If a Richardson number dependent mixing scheme is being used, as indicated by set_visc_CS%rino_mix, then the boundary layer thickness is bounded to be no larger than a half of set_visc_CS%hbbl .

A BBL viscosity is calculated so that the no-slip boundary condition in the vertical viscosity solver implies the stress \(\mathbf{\tau}_b\):

\[K_{bbl} = \frac{1}{2} h_{bbl} \sqrt{C_{drag}} \, u^\ast\]

Channel Drag

The channel drag is an extra Rayleigh drag applied to those layers within the bottom boundary layer. It is called channel drag because it accounts for curvature of the bottom, applying the drag proportionally to how much of each cell is within the bottom boundary layer. The bottom shape is approximated as locally parabolic. The bottom drag is applied to each layer with a factor \(R_k\), the sum of which is 1 over all the layers.

../../../_images/channel_drag.png

Example of layers intersecting a sloping bottom, with the blue showing the fraction of the cell over which bottom drag is applied.

The velocity that is actually subject to the bottom drag may be substantially lower than the mean layer velocity, especially if only a small fraction of the layer’s width is subject to the bottom drag.

The code begins by finding the arithmetic mean of the water depths to find the depth at the velocity points. It then uses these to construct a parabolic bottom shape, valid for \(I - \frac{1}{2}\) to \(I + \frac{1}{2}\). The parabola is:

\[D(x) = a x^2 + b x + D - \frac{a}{12}\]

For sufficiently small curvature \(a\), one can drop the quadratic term and assume a linear function instead. We want a form that matches the traditional bottom drag when the bottom is flat.

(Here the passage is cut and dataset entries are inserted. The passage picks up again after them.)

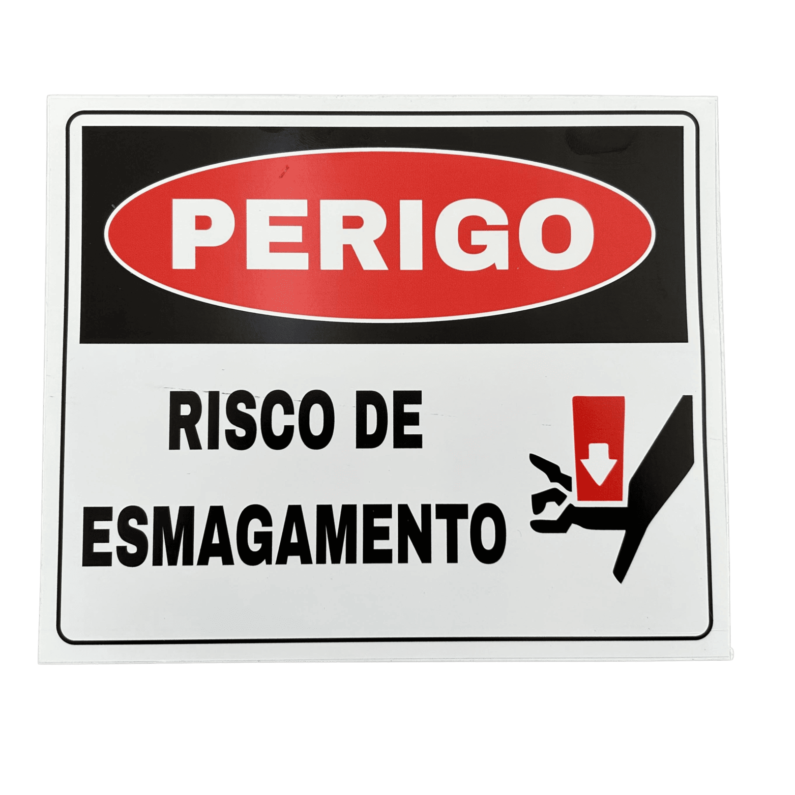 PLACA PVC 2MM 23X19CM “PERIGO RISCO DE ESMAGAMENTO”
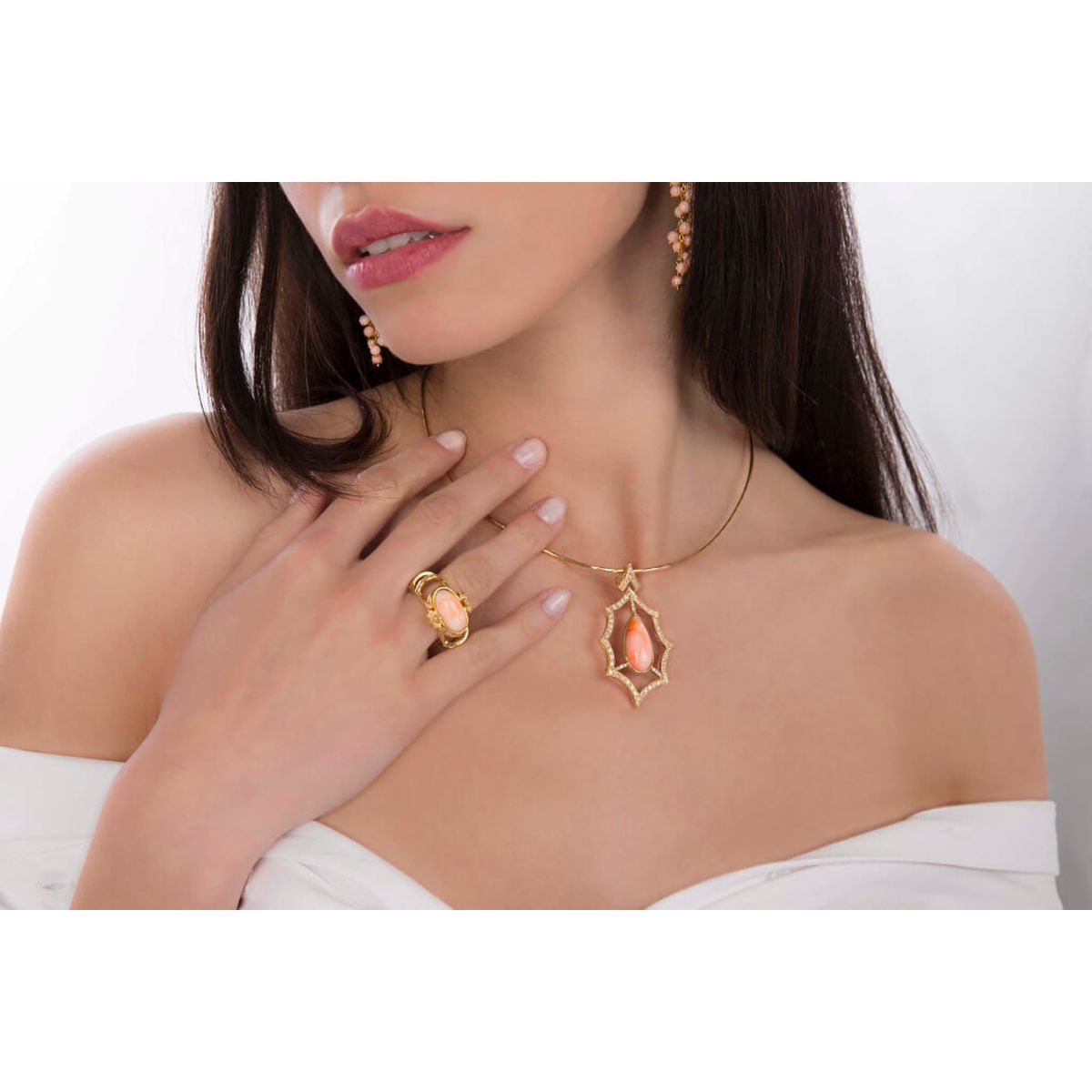 Pink coral diamond pendant
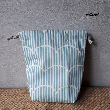 水色ストライプ巾着【0234】
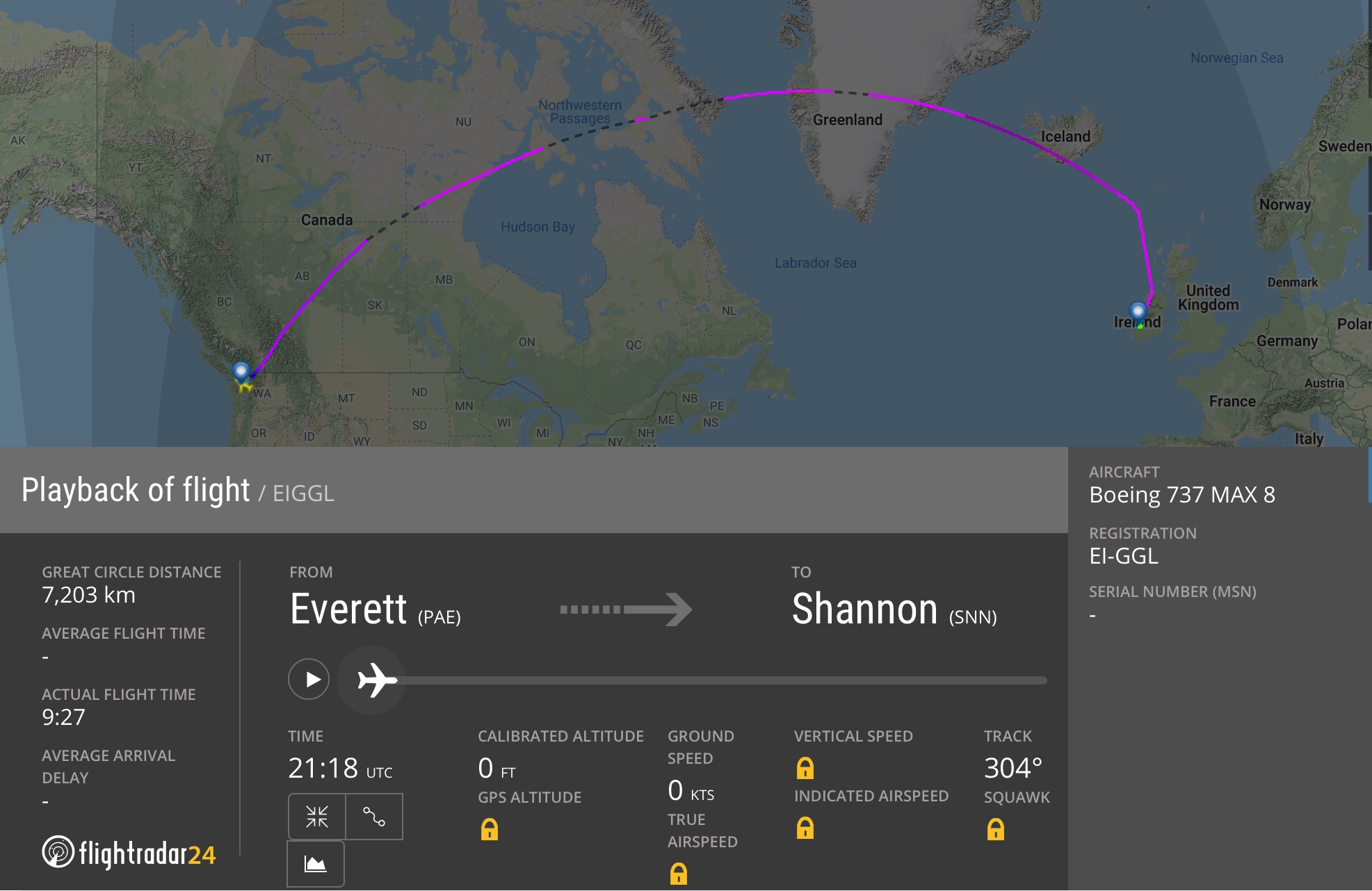 Con un volo di nove ore e ventisette minuti il B737MAX8 EI-GGL per Air Italy ha compiuto il balzo tra Everett e Shannon volando con la matricola e non con il call sign di compagnia come accadde per i due precedenti bigetti di nuova consegna. L’arrivo a Shannon e’ stato alle 7:10 ora locale.
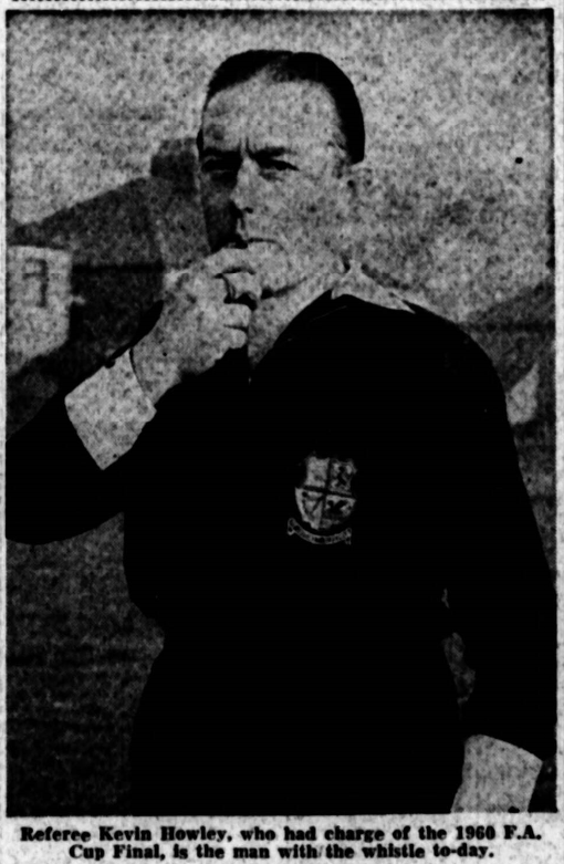 That is the way of it on Saturday for the referee of the Derby game, Kevin Howley, of Middlesbrough. He told me to-day: "I'll find it difficult this week to appreciate that I'm of o football match. There was never any doubt that I had a match on my hands at Everson. What an atmosphere! What a scene! I wish I had a game like it every week." The man in charge at Goodison Park received a fee of only £7 7s plus expenses: Everton players two have wage packets of something considerably over £100 each for their work. When Furnell was injured going down to the feet of a forward Referee Howley observed to Roy Vernon: "I would have thought twice before I would have dared to do that." Vernon's comment: "Maybe. but the money's good " Mr. Howley is convinced that he was right to disallow Vernon's first-minute score hits version of the incident was that in harassing Furnell. Vernon, accidentally or otherwise, touched the goalkeeper's elbow and caused him to lose possession. Mr. Howley says that Furnell's hand injury came later when he was scrambling to the ball to try to present Vernon from shooting. The referee was full of praise for the players. "In view of the tremendous atmosphere they did extraordinarily well and made my job much easier than it would have been in other circumstances." he said. Would he get the return at Anfield? He thought not; the same referee does not automatically get the appointment. The league would probably give some other official the honour, and fun, of the second meeting.
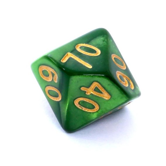 Kość REBEL perłowa 10 Ścian (setka) - Cyfry - Zielona

We defined the open fraction of each cell as \(l(k) \equiv L(k)/L_{Tot}\), where terms of order \(l^2\) will be dropped.

Hallberg (personal communication) shows how they came up with the form used in the code, in which the \(R_k\) above are set to:

\[R_k = \gamma_k l_{k-1/2} \left[ \frac{12 c_{Smag} h_k}{12 c_{Smag} k_k + c_d \gamma_k (1 - \gamma_k) (1 - \frac{3}{2} \gamma_k) l^2_{k-1/2} L_{Tot}} \right]\]

with the definition \(\gamma_k \equiv (l_{k-1/2} - l_{k+1/2})/l_{k-1/2}\). This ensures that \(\sum^N_{k=1} \gamma_k l_{k-1/2} = 1\) since \(l_{1/2} = 1\) and \(l_{N+1/2} = 0\).